Второй раз Дажбог фигурирует после описания проигранной Игорем битвы: «… Уже бо, братие, невеселая година встала, уже пустыни силу прикрыла. Встала обида в силах (войсках – А. М.) ДАЖБОЖА внука, вступила девою на землю Трояню, восплескала лебедиными крылы на синем море у Дону, плещучи, убуди жирня времена (растревожила времена обилия – А. М.). Усобица князем на поганыя погыбе, рекоста бо брат брату: се мое, а то мое же. И начяша князи про малое «се великое» молвити, а сами на себе крамолу ковати, а погании со всех стран прихождаху с победами на землю Рускую».
Здесь Дажбог появляется опять в связи с упоминаемыми вскоре после его имени «крамолами», но интереснее всего то, что в этом отрывке князья («чада» этого божества) противопоставляются «поганым», т. е. язычникам. Борьба с язычниками заглохла, пишет поэт, брат сцепился с братом, а язычники, пользуясь этим, стали побеждать…
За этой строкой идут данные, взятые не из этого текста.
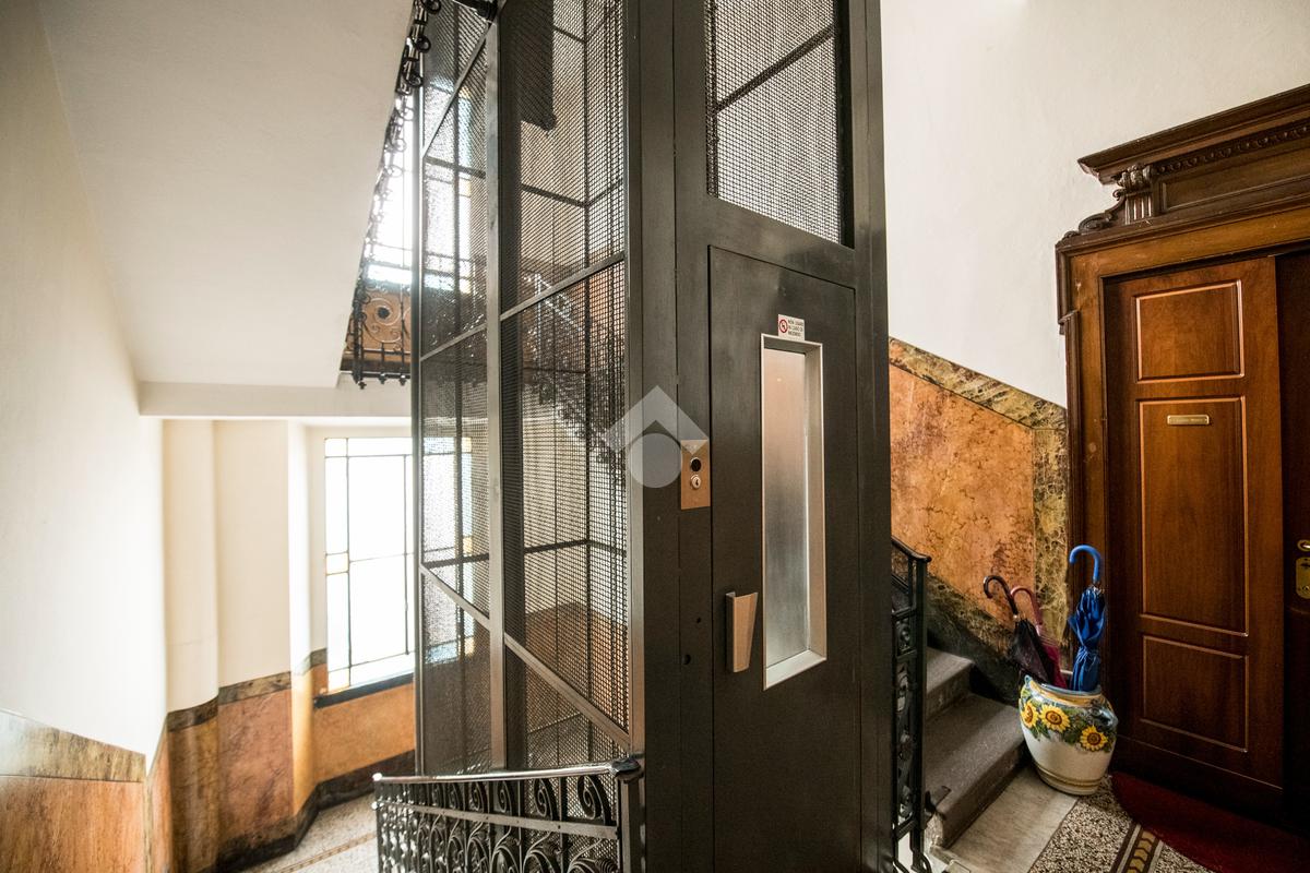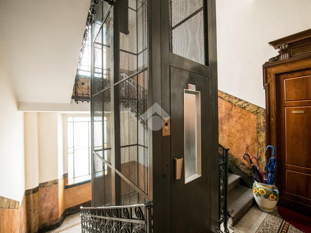 Il palazzo presenta dettagli architettonici originali tipici dell’epoca e offre comfort oggi rari: doppio vano scala, due ascensori e servizio di portineria, attivo tutti i giorni lavorativi mezza giornata, compreso il sabato, elementi fondamentali per una vita familiare comoda e sicura.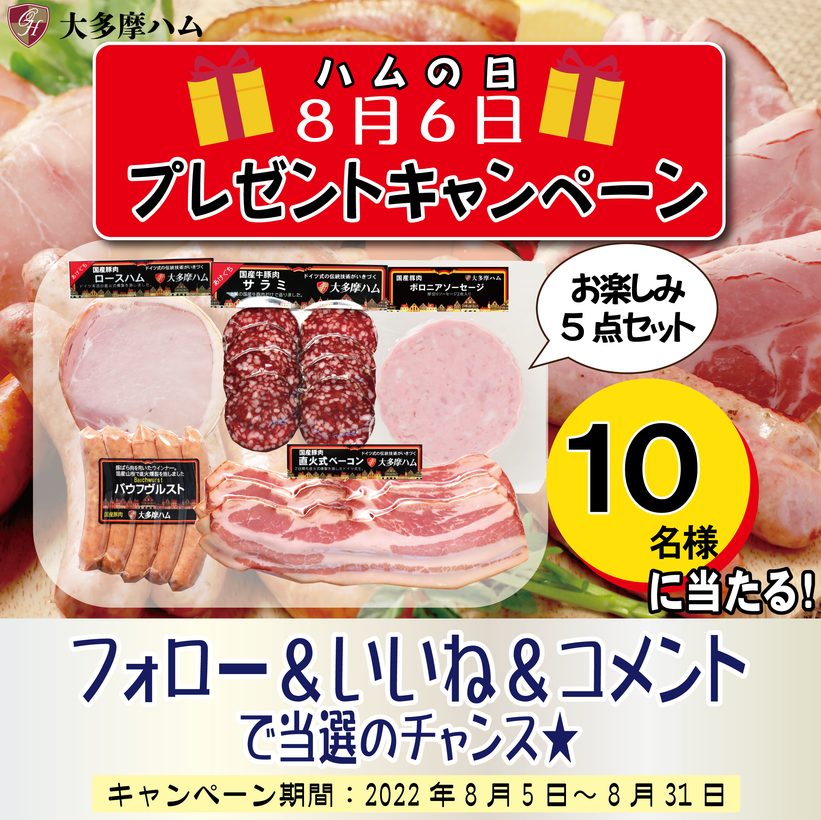 お楽しみ5点セット(ロースハム63g/ベーコン65g/サラミ40g/バウフヴルスト110g/ボロニアソーセージ100g) Twitter 10名様 / Instagram 10名様 (合計 20名様)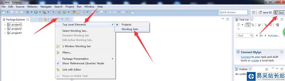 3、點擊倒三角后,下拉菜單中點擊Top Level Elements--->Working Sets,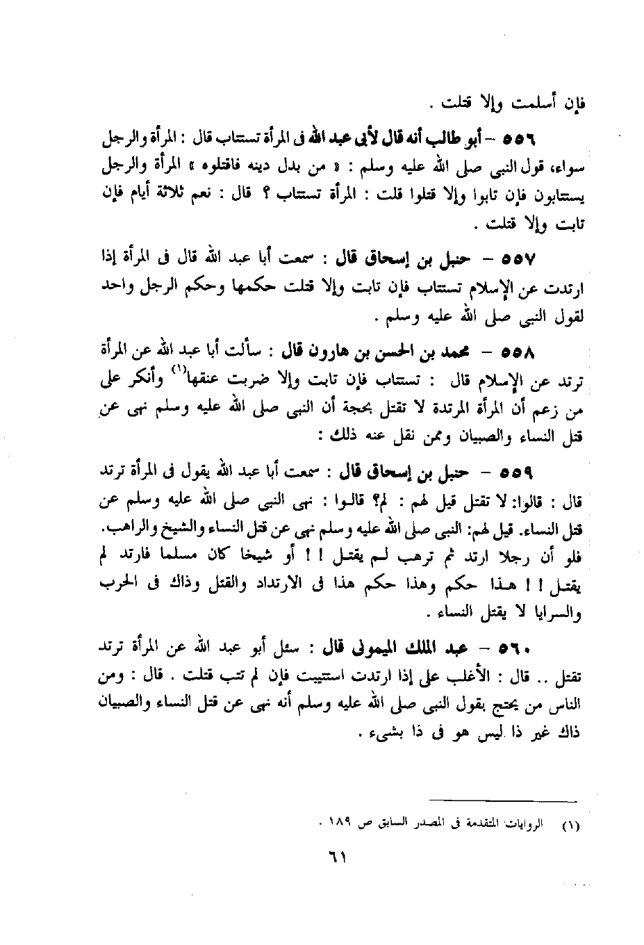 559 - حنبل بن إسحاق قال: سمعت أبا عبد اللّه يقول فى المرأة ترتد قال: قالوا: لا تقتل قيل لهم: لم؟ قالوا: نهى النبي صلى اللّه عليه وسلم عن قتل النساء. قيل لهم: النبي صلى اللّه عليه وسلم نهى عن قتل النساء والشيخ والراهب.

Возникает вопрос: а «чада Дажбога» - не «поганые»? Как же можно противопоставлять их язычникам, называя их самих, не обинуясь, «внуками» неправославного божества? Еще одна «сверхзагадка»!
Вообще обратим внимание, что автор «Слова» осуждающий эпитет «поганые» использует столь часто, что я могу представить себе православного монаха, который, читая поэму, покачал бы головой и проворчал бы, мысленно обращаясь к ее творцу: «Поганые, пишешь? А сам-то ты, братец, кто со своими Хорсами и Дажбогами?...». Что ж, согласимся с этим воображаемым монахом, что тут налицо очень большие странности.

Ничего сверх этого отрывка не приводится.